EXERCISE OBJECTIVE ▸
In the records below, the line that contains "Smoked red pea" marks the start. Copy it and each line after it through the end, exactly, without pictures.

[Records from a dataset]

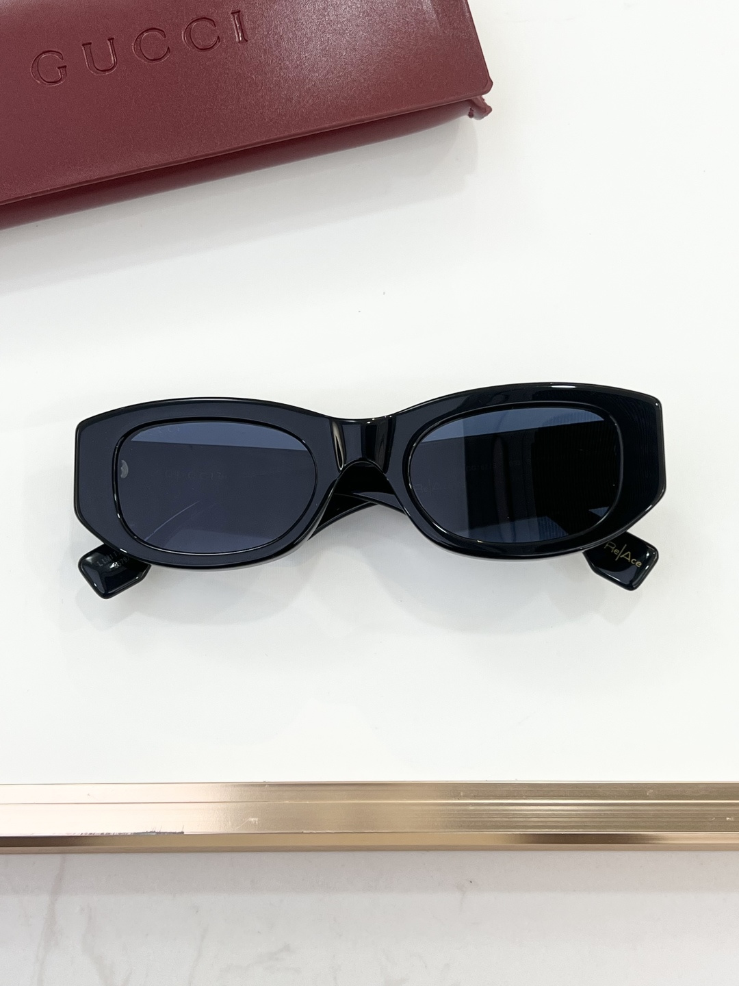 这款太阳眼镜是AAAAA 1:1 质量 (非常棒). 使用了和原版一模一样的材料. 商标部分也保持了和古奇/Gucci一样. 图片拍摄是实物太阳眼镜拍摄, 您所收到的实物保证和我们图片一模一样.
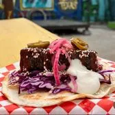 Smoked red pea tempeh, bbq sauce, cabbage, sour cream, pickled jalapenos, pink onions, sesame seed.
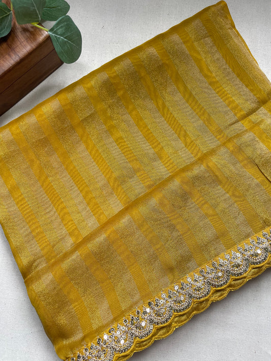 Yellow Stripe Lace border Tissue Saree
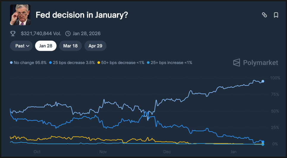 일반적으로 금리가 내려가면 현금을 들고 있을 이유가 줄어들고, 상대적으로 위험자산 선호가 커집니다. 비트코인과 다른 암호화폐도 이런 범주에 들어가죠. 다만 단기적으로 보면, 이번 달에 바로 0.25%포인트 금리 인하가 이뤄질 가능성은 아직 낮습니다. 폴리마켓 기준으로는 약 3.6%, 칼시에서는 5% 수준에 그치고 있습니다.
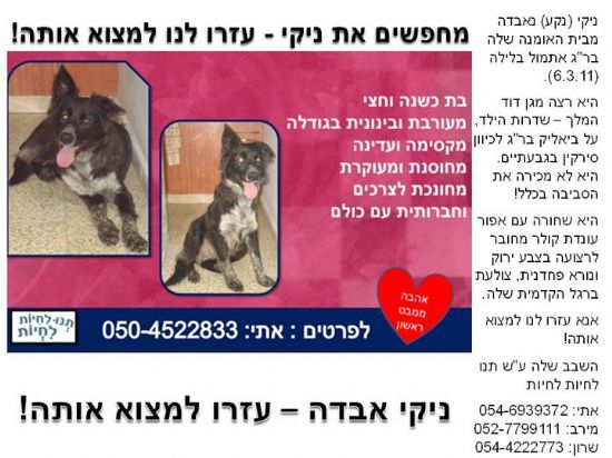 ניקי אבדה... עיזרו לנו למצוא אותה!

OUTPUT FOR THIS EXERCISE ▸
 Smoked red pea tempeh, bbq sauce, cabbage, sour cream, pickled jalapenos, pink onions, sesame seed.
 Yellow Stripe Lace border Tissue Saree
 일반적으로 금리가 내려가면 현금을 들고 있을 이유가 줄어들고, 상대적으로 위험자산 선호가 커집니다. 비트코인과 다른 암호화폐도 이런 범주에 들어가죠. 다만 단기적으로 보면, 이번 달에 바로 0.25%포인트 금리 인하가 이뤄질 가능성은 아직 낮습니다. 폴리마켓 기준으로는 약 3.6%, 칼시에서는 5% 수준에 그치고 있습니다.
 ניקי אבדה... עיזרו לנו למצוא אותה!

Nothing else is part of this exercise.